Vega’s push to hire formerly incarcerated workers for his dispensary also comes after Gov. Ned Lamont signed a “Clean Slate” law in 2023 that automatically cleared thousands of low-level cannabis convictions from criminal records of residents across the state.
Vega’s friends flocked to the Amity Road dispensary on Saturday to celebrate the business’s launch. “I’ve been along this journey for a long time,” said Joe LaChance. He and Vega co-host the radio show Cannabis Corner on WNHH FM radio. They interview legislators, business owners, growers, and activists to share “the voice of the cannabis industry,” according to LaChance. This March marks the show’s seven-year anniversary.
Other members of Connecticut’s cannabis industry also joined the festivities. “Where else would we be when he opened his doors?” said cannabis geneticist Lou Pino, who met Vega through activist organizing. Pino works with caregivers and founded the event company Gene Traders to educate cultivators on the cannabis strains that work best for specific health conditions.
Joseph Accettullo, co-founder of Highbazaar and CT CannaWarriors, also showed up to Saturday’s opening to support Vega and Nautilus Botanicals. “I live with a passion for life and helping others that I never had until I really entrenched myself within the cannabis ethos and community,” said Accettullo.
That commitment to community echoes in Nautilus’ walls. Each month new artwork from New Haven residents will display in the shop. The current exhibit features paintings by Westville-based artist Shady Dankin. Vega encourages artists interested in sharing and selling their artwork at the store to reach out to him.
In addition to supporting the community and Vega, Duncan Markovich came to endorse the small business’s patient-oriented spirit.
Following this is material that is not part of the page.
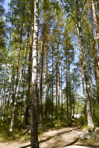Лес встречает нас запахом хвои.Высокие деревья защищают от палящего солнца.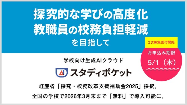 【2次募集受付開始】学校向け生成AIクラウド「スタディポケット」、経産省「探究・校務改革支援補助金2025」で全国の学校で2026年3月末まで「無料」で導入可能に。

He said that since legalization, the current landscape has prioritized big corporate money above the well-being of individuals. This, according to Markovich, leads to lower quality products and less accessibility for small business owners. “Patients over profits. The plant is a healing concept which is greater than any one of us or any one brand,” said Markovich.
Markovich, Accettullo, and Pino are all politically involved and are urging state legislatures to pass Proposed House Bill No. 5429: An Act Concerning Caregivers, Qualifying Patients And The Palliative Use Of Cannabis, which would allow medical cannabis caregivers to enter the cultivation market more easily on a small scale. “I think the state just needs to really start to listen to its community and other professionals that are in it for the right reasons,” said Accettullo.
Vega’s friends and supporters lamented on Saturday the limitations that Nautilus faces under the state’s current cannabis retail regulations. Bans on billboard and TV advertisements impede marketing potential, they said. “I just feel like it’s more stigma and more draconian laws,” said Accettullo. But then again, he remembered that word-of-mouth publicity can be a successful strategy for consumer growth in the face of advertising constraints. “Cannabis is a lot of times built around communities, so if it’s good cannabis, there’s usually no real reason to have to advertise.”
Pino added, “It’s all grassroots pretty much.”

Shady Dankin's art on the walls.

Joseph Accettullo, Duncan Markovich, and Lou Pino at Saturday's opening.

Joe LaChance and Vega: WNHH co-hosts, canna-buds.